The recent guidance issued by the US Securities and Exchange Commission (SEC) in April regarding decentralized finance (DeFi) interfaces has sparked significant debate across the sector. More than 35 organizations, including prominent names such as the DeFi Education Fund, a16z crypto, Aptos Labs, Uniswap, Chainlink, Paradigm, Solana Policy Institute, and Phantom, have formally petitioned the SEC. Their unified request: transform the temporary guidance into a lasting, public regulation.
What did the SEC’s April guidance outline?
On April 13, the SEC’s Division of Markets and Trading published a staff bulletin clarifying that certain operators of crypto interfaces are exempt from registering as broker-dealers. This exemption specifically applies to front-end providers that enable users to interact with DeFi protocols while retaining control of their own assets.
According to the framework set forth, these user interface providers can collect transaction fees without holding a broker-dealer license. However, the scope of these arrangements is narrow, and the exemption is temporary in nature rather than permanent.
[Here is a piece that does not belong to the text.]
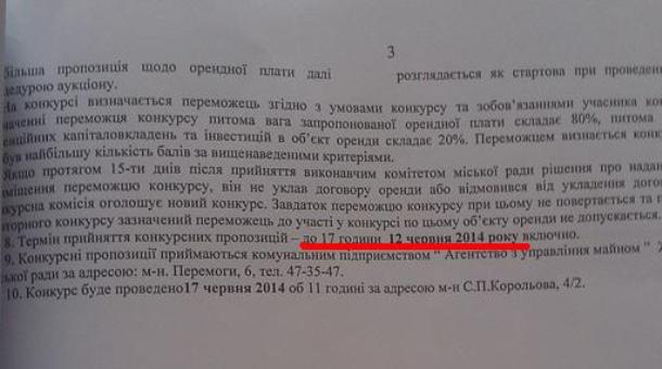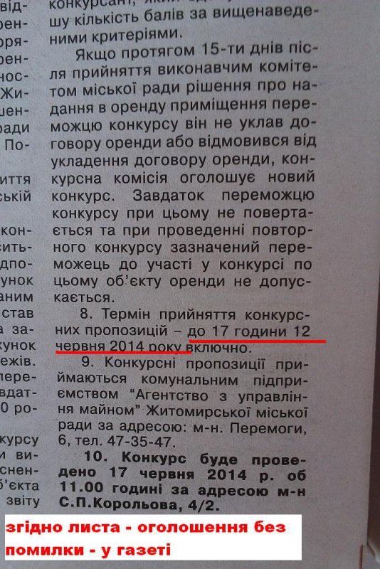 Пане Шуляр, у зазначеному оголошенні вказаний саме той, що потрібно, час прийняття конкурсних пропозицій, а саме – «до 17 години 12 червня 2014 року включно» (див. третій абзац знизу стор.8 № 22 газети «Місто» від 6 червня). А не 17 червня, чим ви ввели в оману членів виконкому. То хто кого підставив, пане Шуляр?

Why is the DeFi ecosystem seeking permanent rules?
The current guidance is intended to remain in effect for up to five years from its issuance, after which it must either become an official rule or be withdrawn. The DeFi Education Fund and many industry representatives fear that future changes in SEC leadership could quickly overturn temporary guidance. As a result, stakeholders are pushing for formal, public regulation that offers legal certainty and cannot be easily rescinded due to political or administrative shifts.
Concerns have been raised that prolonged regulatory uncertainty could significantly slow the advancement of blockchain technology and restrict market access for investors.
New privacy proposal emerges for Ethereum
In parallel to the SEC’s moves, Ethereum developer Tom Lehman shared a proposal named EIP-8182 on X, which has since become a focal point of discussion. The proposal suggests enabling native private transfers within Ethereum’s protocol itself.
The EIP-8182 proposal would integrate a “shared shielded pool” directly into the Ethereum blockchain. This would let users conduct private transactions at the protocol level, without relying on third-party tools, using a ZK-proof validation system embedded in the pool.
Ethereum co-founder Vitalik Buterin previously advocated for integrating privacy features directly into wallets—similar to Railgun—by April 2025, aiming to give users the option of more secure and private transactions.
Notably, the proposed pool would not include any admin key, governance token, or on-chain upgrade mechanism. The only way to update the system would be through Ethereum’s hard fork process.
If implemented, protocol-level privacy transactions could complicate the broker-dealer boundaries the SEC’s latest guidance attempts to define. In particular, front-end wallets with default private sending features could make regulatory distinctions even more difficult to establish.